Einführung synthetischer Kraftstoffe in NRW am Beispiel GTL - Anwendungspotenziale, ökologische, energiewirtschaftliche und industriepolitische Implikationen, Entwicklungsstufen und resultierende Chancen

  • Projekt-Nr.1146
  • Laufzeit 01/2008 - 07/2008

Im Auftrag des Ministeriums für Wirtschaft, Mittelstand und Energie (MWME) des Landes Nordrhein-Westfalen untersucht das Wuppertal Institut in Kooperation mit der FEV Motorentechnik GmbH und dem Institut für Verbrennungskraftmaschinen der RWTH Aachen die Möglichkeiten der Einführung synthetischer Kraftstoffe. Das Projekt wird durch die Shell Global Solutions GmbH und die RWE Power AG unterstützt.
Die Untersuchung stellt die erste Phase eines möglicherweise längerfristigen Projekts zur Markteinführung synthetischer Kraftstoffe dar. Das Ziel der Vorstudie ist eine ganzheitliche Analyse der verschiedenen Implikationen eines solchen alternativen Kraftstoffs am Beispiel von GTL (Gas to Liquids).

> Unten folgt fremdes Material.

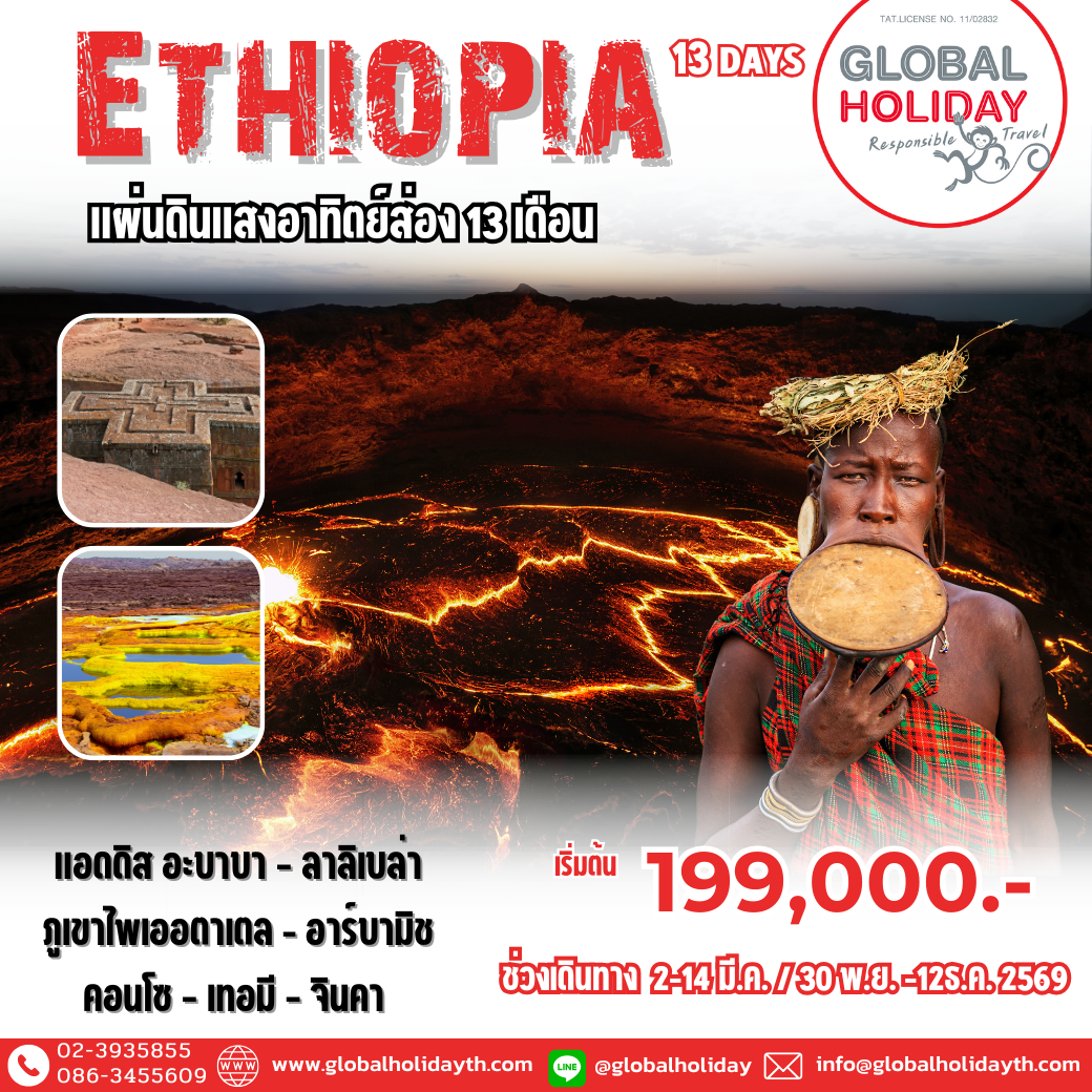 ทัวร์เอธิโอเปีย เจาะลึกอารยธรรมชนเผ่า ทัวร์เอธิโอเปีย 13 วันสุดคุ้ม ตามเส้นทางแอดดิส อะบาบา – ลาลิเบล่า – ดาลลอล – ภูเขาไฟเออตาเตล – อาร์บามิช - คอนโซ – เผ่าคอนโซ – เทอมี – ชนเผ่าลุ่มแม่น้าโอโม – จินคา – เผ่าเมอซี หรือ มูร์ซี

Folgende Fragen stehen im Vordergrund:

  • Welche Eigenschaften (auch in Bezug auf Treibhausgasminderungen) weist GTL über die gesamte Prozesskette auf?
  • Wie sind die fahrzeugtechnischen Voraussetzungen und Möglichkeiten im Bestand und bei der Optimierung?

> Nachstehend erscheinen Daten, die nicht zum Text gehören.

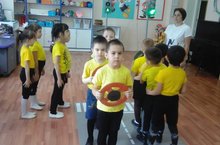 Бүген икенче кечкенәләр төркеменә йөрүче балалар физик тәрбия шөгылен саф һавада үткәрделәр. Урамда көн кояшлы, матур. Саф һавада бик күңелле булды.

  • Wie sind die Anwendungspotenziale für synthetische Kraftstoffe? In welchen Flotten sollte der Kraftstoff eingesetzt werden, um einen möglichst hohen Optimierungsgrad zu erzielen? Welche Akteure in NRW sind bei der Markteinführung zu beteiligen?
  • Welche Effekte sind in Bezug auf den Klima- und Umweltschutz zu welchen Kosten zu erwarten?
  • Was sind die industrie- und energiepolitischen Auswirkungen einer großflächigen Einführung von GTL?
  • Inwieweit kann GTL als Brücke zu anderen synthetischen Kraftstoffen, etwa BTL (Biomass to Liquids), genutzt werden?